Entering edit mode
TJ
•
0
@a7167d98
Last seen 4.0 years ago
Hi,
I have generated quant.sf files using salmon for six samples (2 conditions, each condition in triplicate). I have then followed the tximport workflow and am stuck at the tx2gene step below as I get $countsFromAbundance [1] "no".
Many thanks in advance for your kind help and your time
> dir <- "/Volumes/Mac_LJ_TJ/TJ/RNA/salmon/salmon_tutorial/quants"
> dir
[1] "/Volumes/Mac_LJ_TJ/TJ/RNA/salmon/salmon_tutorial/quants"

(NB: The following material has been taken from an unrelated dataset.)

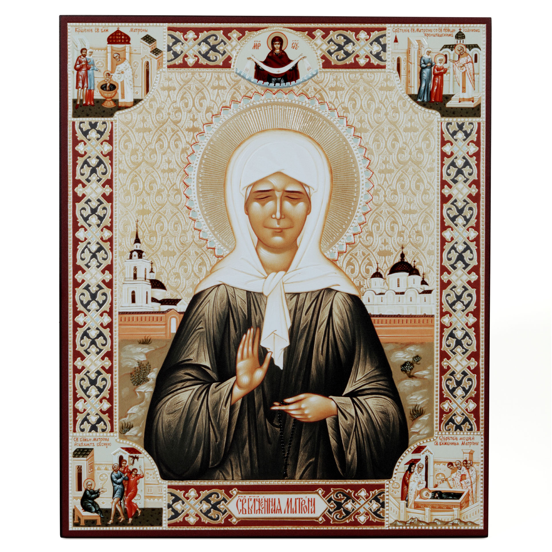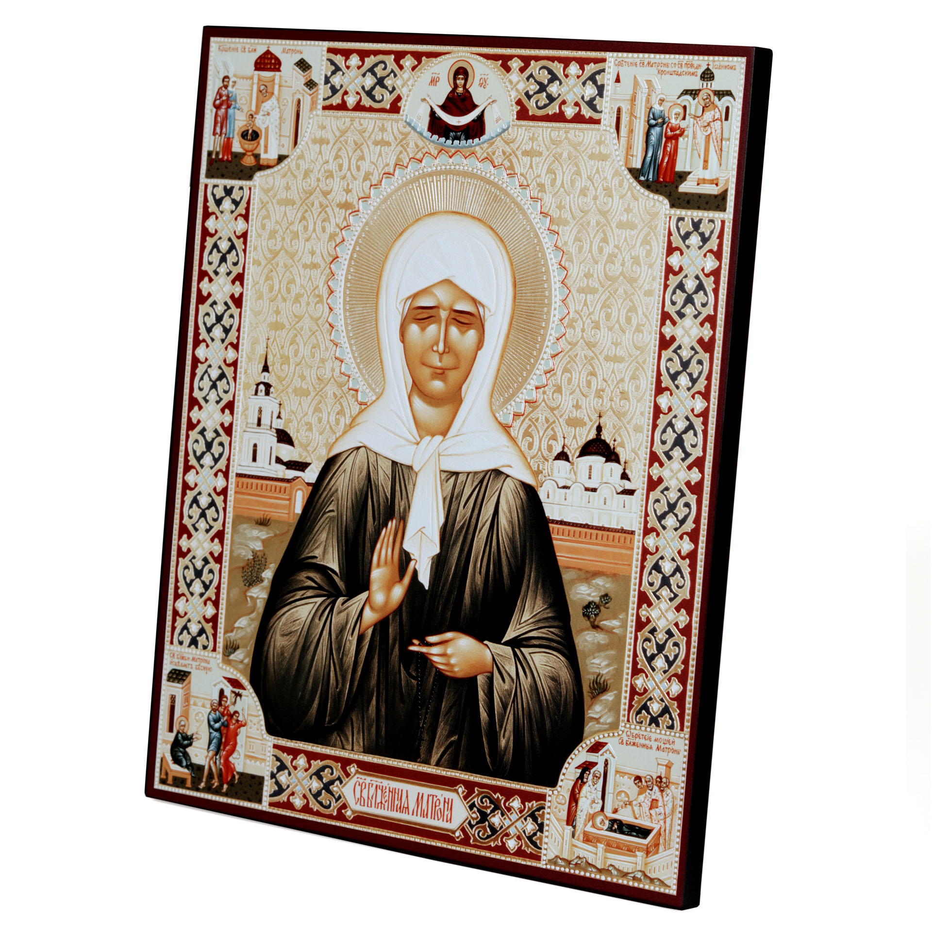 Икона на доске 33х40 объемная печать, лак Матрона с клеймами

> samples <- read.table(file.path(dir, "samples.txt"), header = TRUE)
> samples
samples treatment
1 sample1 WTCHG_823938_71575133_quant
2 sample2 WTCHG_823938_71585134_quant
3 sample3 WTCHG_823938_71595135_quant
4 sample4 WTCHG_823938_71605136_quant
5 sample5 WTCHG_823938_71615137_quant
6 sample6 WTCHG_823938_71625138_quant
> files <- file.path(dir, "salmon", samples$treatment, "quant.sf")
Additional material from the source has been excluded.